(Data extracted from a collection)

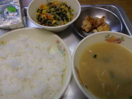 みそ汁・小松菜の塩麹炒め・やきとり
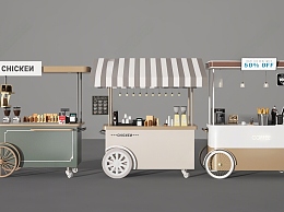 现代售货推车 贩卖车 摊车 货车 展示柜 展台 街景车 小吃车 快餐车
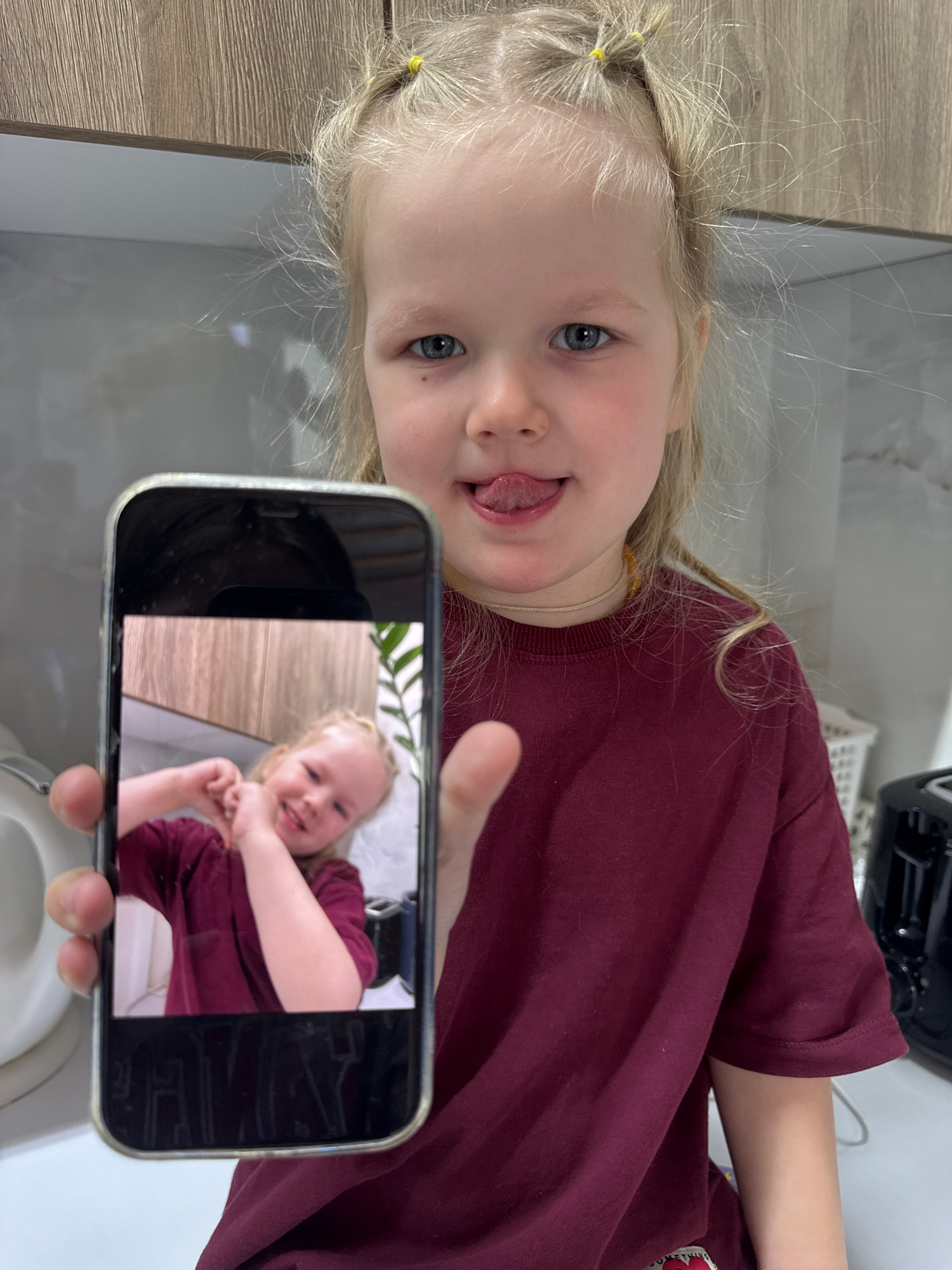A young blonde girl with her hair tied in pigtails is holding up a smartphone that displays a photo of herself smiling and posing with crossed arms. She is wearing a maroon t-shirt and sticking her to…read more
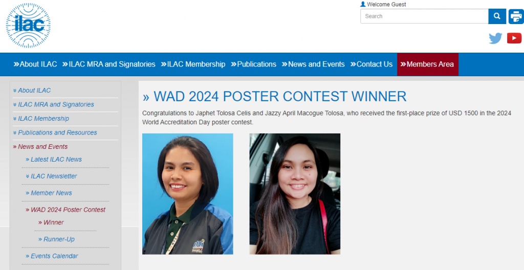 Among the various participants from accreditation bodies and designers around the world, Ms. Japhet Tolosa Celis and Ms. Jazzy April Macogue Tolosa (a freelance graphic designer), representing the Department of Trade and Industry – Philippine Accreditation Bureau, emerged as the victors. Their captivating design effectively embodies this year’s theme and highlighted the crucial role of accreditation in shaping a secure and sustainable future.
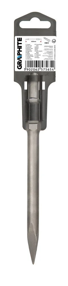 Spetsmejsel med sexkantsfäste är tillverkad av härdat stål och är perfekt för mekanisk bilning av hål i betong, sten och tegel.
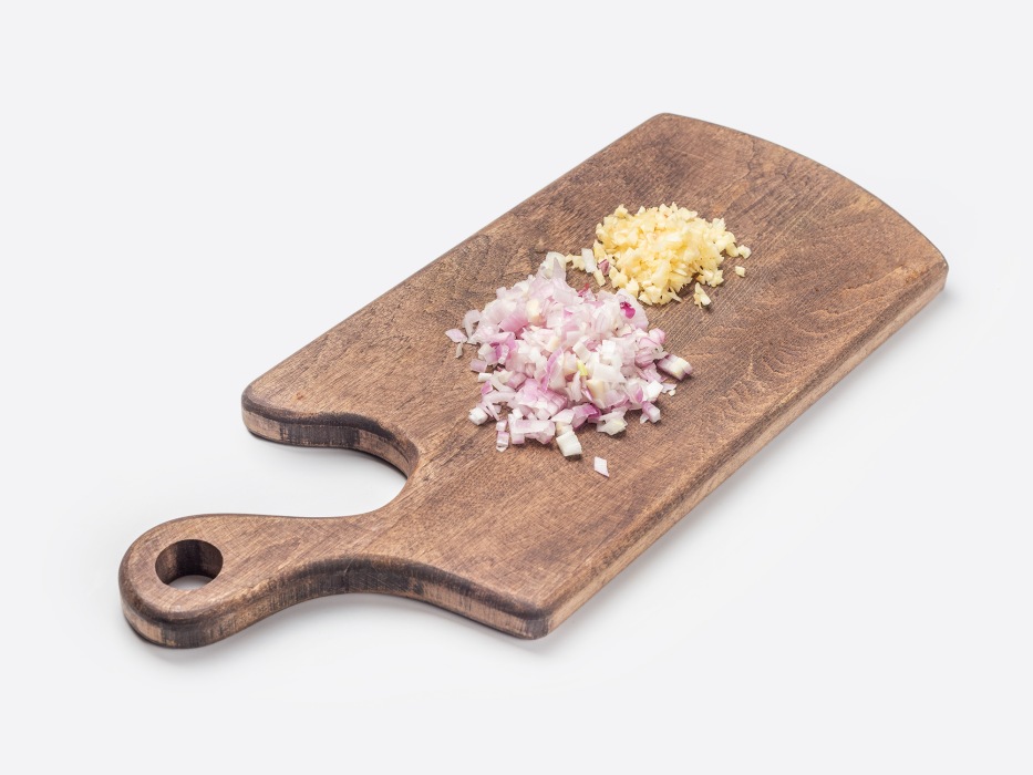 Мелко нарезать лук и чеснок. Для приготовления говядины “Веллингтон” возьмите именно лук шалот. Так блюдо получится еще нежнее на вкус.
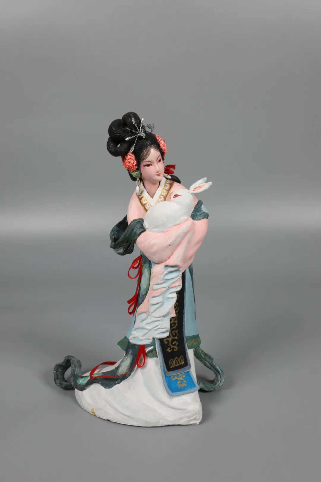 《嫦娥》是潘声煦的代表作品,高约30公分,塑造的嫦娥身着粉色水仙绿叶裙,披金丝薄烟翠绿纱,头上低垂鬓发斜插镶嵌珍珠白玉簪,双手托抱一玉兔,整体色泽淡雅明快,细节丰富,面容、衣褶、发髻均刻画得栩栩如生,是典型的苏作风格的泥塑作品。
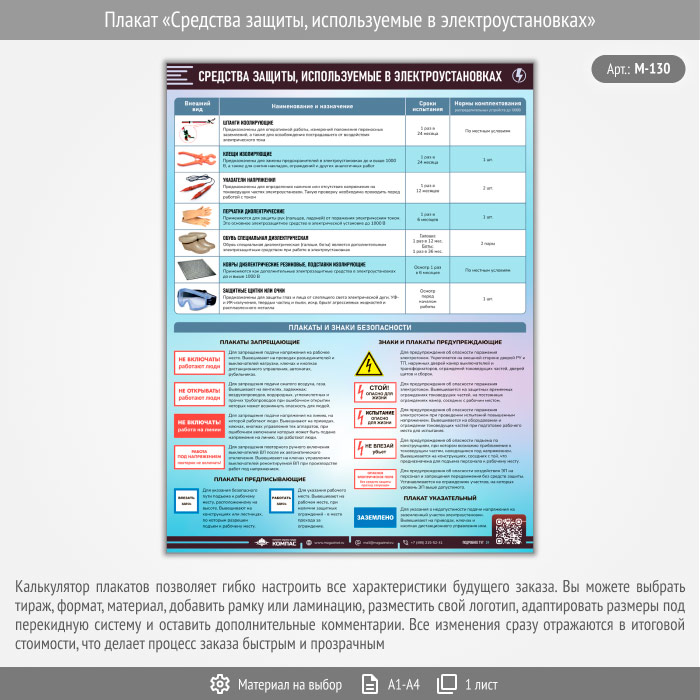 Плакат «Средства защиты, используемые в электроустановках» с QR (М-130, 1 лист) в Пензе купить
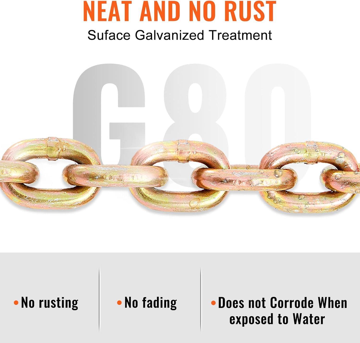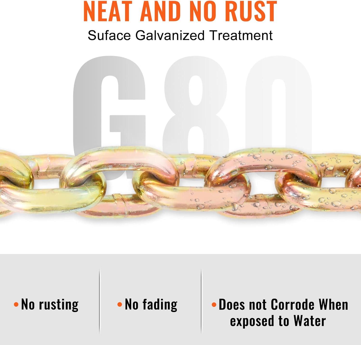 G80 Grade Strength: This G80 grade binder chain boasts impressive tensile strength! With a length of 14.2 ft (433 cm) and a diameter of 5/16 in (8 mm), it can handle a strong breaking strength.

**Requirement:** Repeat the data exactly. No pictures should appear.

**Answer to this exercise:**
 みそ汁・小松菜の塩麹炒め・やきとり
 现代售货推车 贩卖车 摊车 货车 展示柜 展台 街景车 小吃车 快餐车
A young blonde girl with her hair tied in pigtails is holding up a smartphone that displays a photo of herself smiling and posing with crossed arms. She is wearing a maroon t-shirt and sticking her to…read more
 Among the various participants from accreditation bodies and designers around the world, Ms. Japhet Tolosa Celis and Ms. Jazzy April Macogue Tolosa (a freelance graphic designer), representing the Department of Trade and Industry – Philippine Accreditation Bureau, emerged as the victors. Their captivating design effectively embodies this year’s theme and highlighted the crucial role of accreditation in shaping a secure and sustainable future.
 Spetsmejsel med sexkantsfäste är tillverkad av härdat stål och är perfekt för mekanisk bilning av hål i betong, sten och tegel.
 Мелко нарезать лук и чеснок. Для приготовления говядины “Веллингтон” возьмите именно лук шалот. Так блюдо получится еще нежнее на вкус.
 《嫦娥》是潘声煦的代表作品,高约30公分,塑造的嫦娥身着粉色水仙绿叶裙,披金丝薄烟翠绿纱,头上低垂鬓发斜插镶嵌珍珠白玉簪,双手托抱一玉兔,整体色泽淡雅明快,细节丰富,面容、衣褶、发髻均刻画得栩栩如生,是典型的苏作风格的泥塑作品。
 Плакат «Средства защиты, используемые в электроустановках» с QR (М-130, 1 лист) в Пензе купить
 G80 Grade Strength: This G80 grade binder chain boasts impressive tensile strength! With a length of 14.2 ft (433 cm) and a diameter of 5/16 in (8 mm), it can handle a strong breaking strength.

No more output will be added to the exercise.